- [Records to use]:
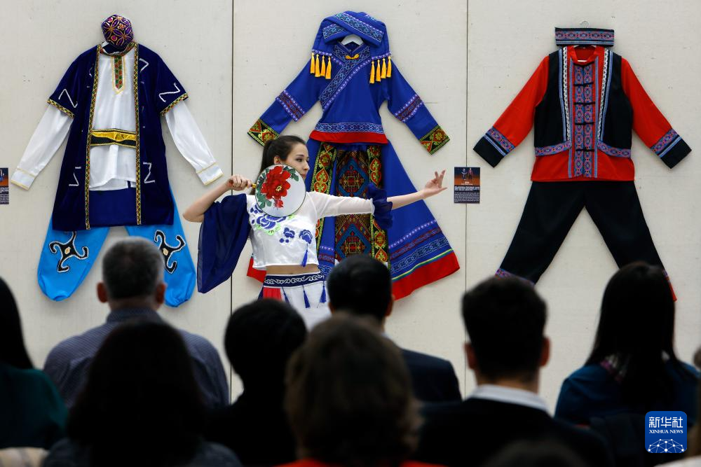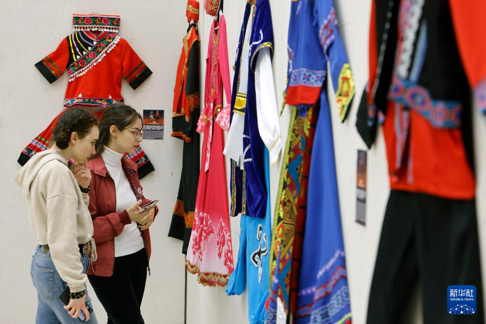 11月11日,在羅馬尼亞布加勒斯特,布加勒斯特大學的學生在“霓裳錦韻——中國少數民族服飾展”開幕式上表演。
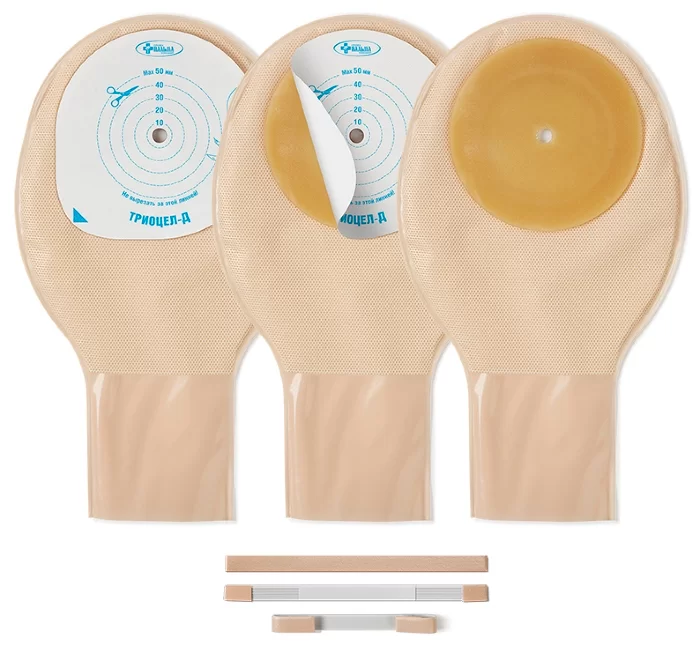 - Однокомпонентные калоприёмники ТРИОЦЕЛ® представляют собой ёмкости, изготовленные из многослойной полимерной запахонепроницаемой плёнки, приклеивающиеся к коже с помощью герметизирующего кольца. Материал плёнки не пропускает запах содержимого ёмкости в течение всего времени использования изделия.
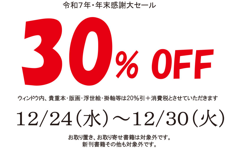 2025.12.23 / お知らせ 年末30%引きセールのお知らせ。12/24-30 本年も年末30%引きセールを開催いたします。 (ウィンドウ内、貴重本、版画、浮世絵、掛け軸などは20%引きです) 期間は 12月24日(水)~30日(火) です。 どうぞよろしくお願いいたします。
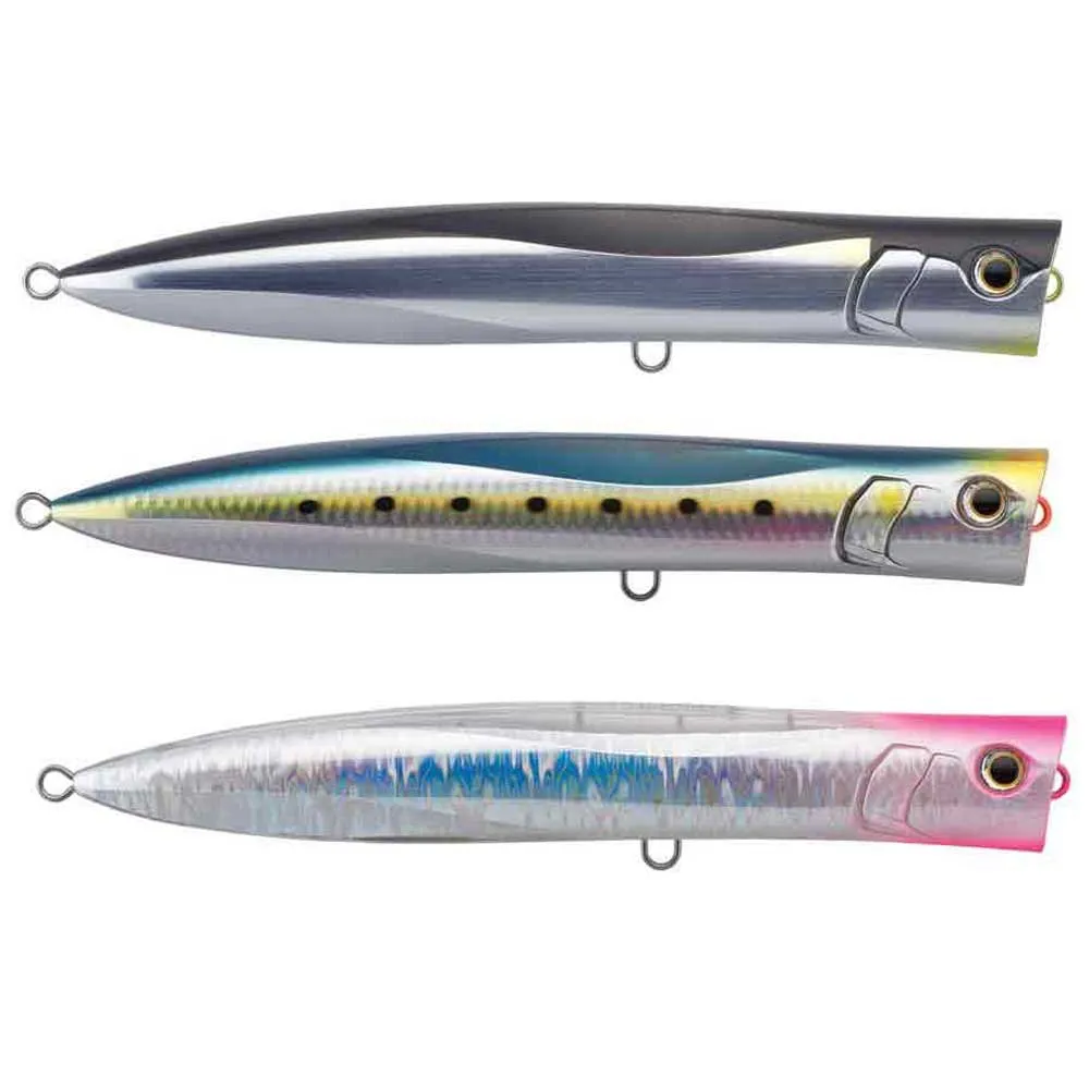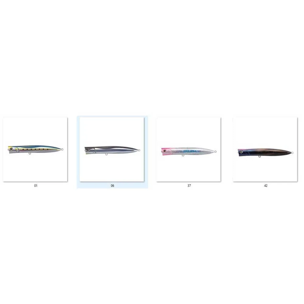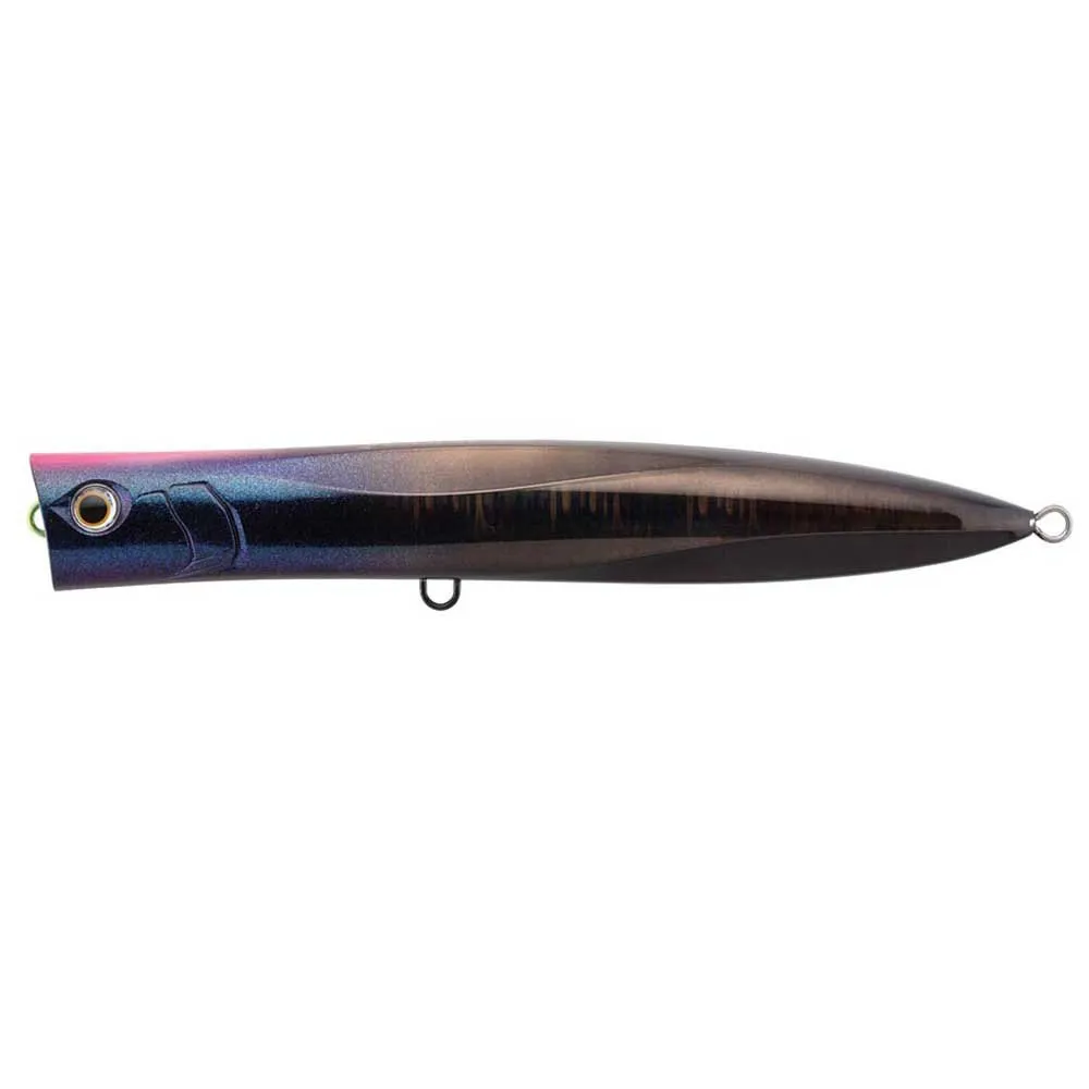 This powerful popper for fishing of large tuna and tropical species is a lethal weapon, thanks to its great capacity of Lance (it reaches 60 meters) and its resting position in the water, practically parallel to the surface, with the stern slightly more low.
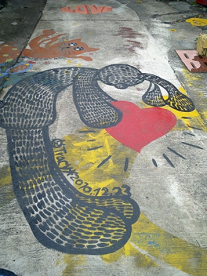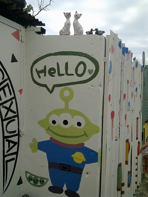 目前自助新村的彩繪創作,由五名海青工商廣告科學生接手,他們每天下課後到此彩繪,期待能有佳音,「就算不幸被拆,它也活在民眾的回憶裡!」
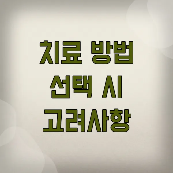 치료 방법 선택 시 고려사항
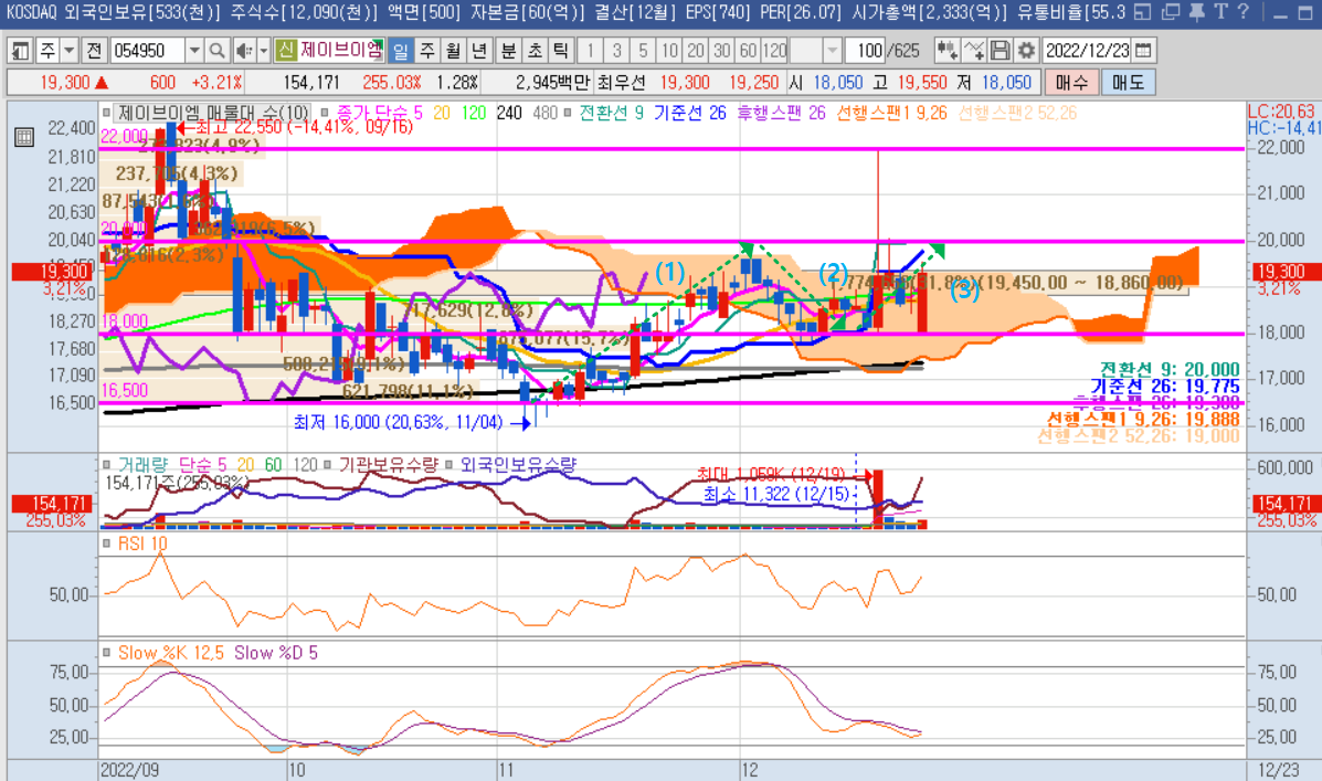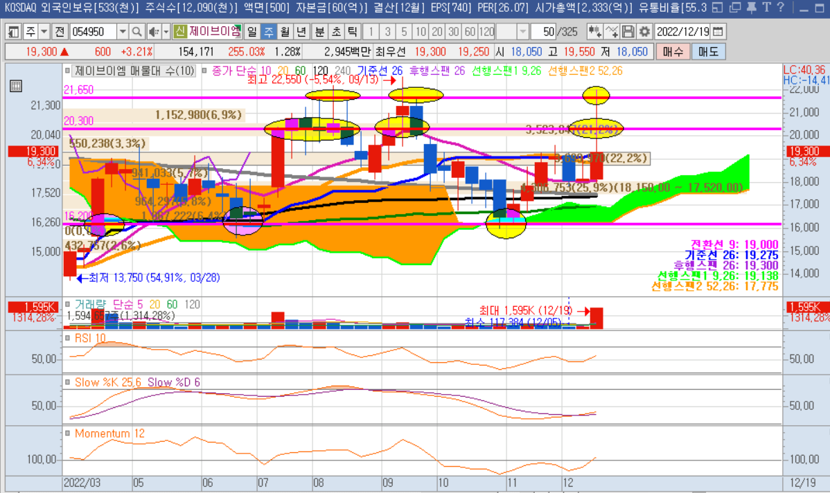 다음으로 제이브이엠 주봉차트를 보면 16,200원대에서 강력한 지지를 해주고 있는 상황이며, 주봉 60선을 이탈하지 않고 있는 흐름이다. 최근 주봉 240선 및 120선 위로 올라왔고, 20선 돌파를 준비중에 있다. 지난주 큰 상승돌파로 20선을 돌파하는 양상을 보였지만 20,300원대의 저항선을 맞고 현재 일목균형표 기준선 및 20선 근처에서 맴돌고 있다. 보조지표 모멘텀을 보면 100이상으로 올라왔기에 상승 모멘텀 추세에 있고 Stochastic slow 지표를 보면 K가 하단에서 상승추세로 전환하는 과정에 있다. 이는 보통 하단에서 상승으로 나아가는 초입 구간이라 볼 수 있다.
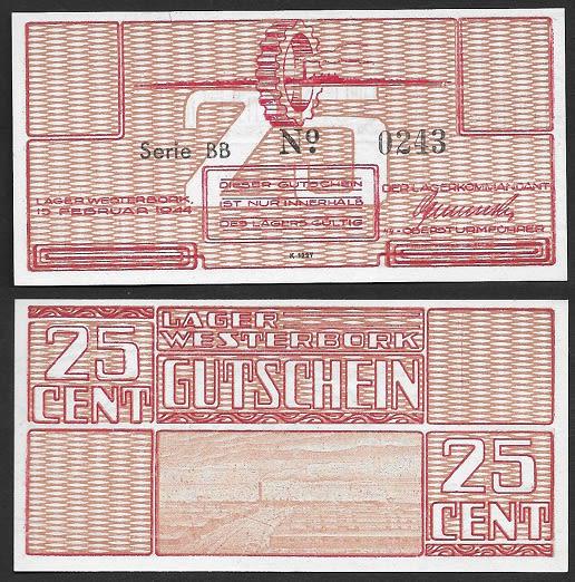 Netherlands Westerbork camp 25 Cent note 1944 Campbell

- [Goal of the exercise]: Only the pictures are to be left out; print everything else in the listing exactly.

- [Solution to the exercise]:
 11月11日,在羅馬尼亞布加勒斯特,布加勒斯特大學的學生在“霓裳錦韻——中國少數民族服飾展”開幕式上表演。
 - Однокомпонентные калоприёмники ТРИОЦЕЛ® представляют собой ёмкости, изготовленные из многослойной полимерной запахонепроницаемой плёнки, приклеивающиеся к коже с помощью герметизирующего кольца. Материал плёнки не пропускает запах содержимого ёмкости в течение всего времени использования изделия.
 2025.12.23 / お知らせ 年末30%引きセールのお知らせ。12/24-30 本年も年末30%引きセールを開催いたします。 (ウィンドウ内、貴重本、版画、浮世絵、掛け軸などは20%引きです) 期間は 12月24日(水)~30日(火) です。 どうぞよろしくお願いいたします。
 This powerful popper for fishing of large tuna and tropical species is a lethal weapon, thanks to its great capacity of Lance (it reaches 60 meters) and its resting position in the water, practically parallel to the surface, with the stern slightly more low.
 目前自助新村的彩繪創作,由五名海青工商廣告科學生接手,他們每天下課後到此彩繪,期待能有佳音,「就算不幸被拆,它也活在民眾的回憶裡!」
 치료 방법 선택 시 고려사항
 다음으로 제이브이엠 주봉차트를 보면 16,200원대에서 강력한 지지를 해주고 있는 상황이며, 주봉 60선을 이탈하지 않고 있는 흐름이다. 최근 주봉 240선 및 120선 위로 올라왔고, 20선 돌파를 준비중에 있다. 지난주 큰 상승돌파로 20선을 돌파하는 양상을 보였지만 20,300원대의 저항선을 맞고 현재 일목균형표 기준선 및 20선 근처에서 맴돌고 있다. 보조지표 모멘텀을 보면 100이상으로 올라왔기에 상승 모멘텀 추세에 있고 Stochastic slow 지표를 보면 K가 하단에서 상승추세로 전환하는 과정에 있다. 이는 보통 하단에서 상승으로 나아가는 초입 구간이라 볼 수 있다.
 Netherlands Westerbork camp 25 Cent note 1944 Campbell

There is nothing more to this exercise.